> RECORDED INFORMATION:

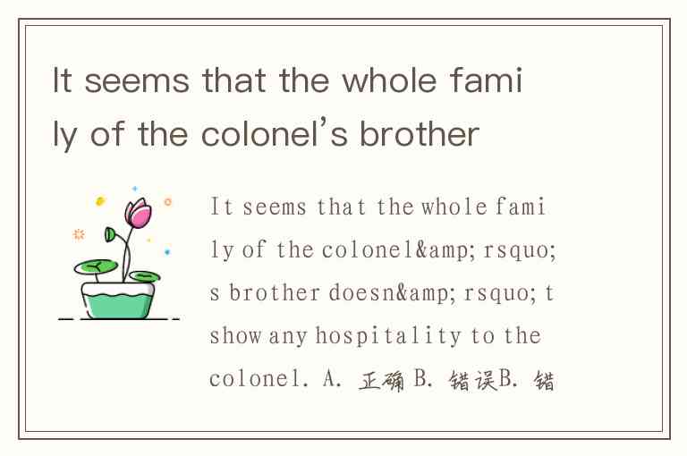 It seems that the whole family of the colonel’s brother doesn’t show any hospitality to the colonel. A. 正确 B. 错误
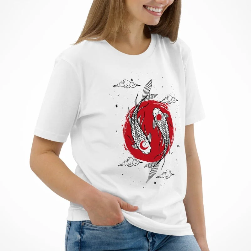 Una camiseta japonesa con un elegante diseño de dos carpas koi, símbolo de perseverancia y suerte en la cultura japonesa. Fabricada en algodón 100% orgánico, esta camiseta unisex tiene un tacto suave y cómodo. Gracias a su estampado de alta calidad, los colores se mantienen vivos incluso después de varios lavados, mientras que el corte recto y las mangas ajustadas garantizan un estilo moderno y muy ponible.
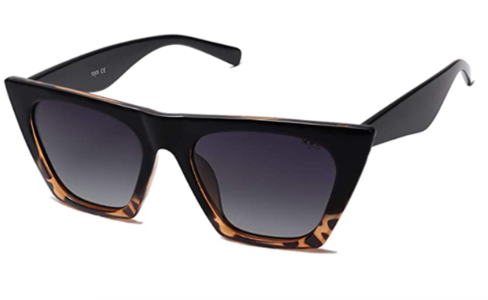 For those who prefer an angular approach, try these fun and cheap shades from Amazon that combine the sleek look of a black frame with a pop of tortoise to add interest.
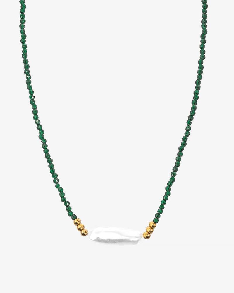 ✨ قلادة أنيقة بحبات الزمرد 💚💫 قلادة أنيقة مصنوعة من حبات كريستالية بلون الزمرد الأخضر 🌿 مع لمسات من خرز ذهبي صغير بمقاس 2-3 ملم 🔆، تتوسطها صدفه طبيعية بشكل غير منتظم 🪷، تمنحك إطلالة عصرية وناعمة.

> THE PROBLEM:
Counting both ends, reproduce word for word the lines from the line with "For those who" to the final line of the listing above, skipping every picture.

> WRITTEN ANSWER:
 For those who prefer an angular approach, try these fun and cheap shades from Amazon that combine the sleek look of a black frame with a pop of tortoise to add interest.
 ✨ قلادة أنيقة بحبات الزمرد 💚💫 قلادة أنيقة مصنوعة من حبات كريستالية بلون الزمرد الأخضر 🌿 مع لمسات من خرز ذهبي صغير بمقاس 2-3 ملم 🔆، تتوسطها صدفه طبيعية بشكل غير منتظم 🪷، تمنحك إطلالة عصرية وناعمة.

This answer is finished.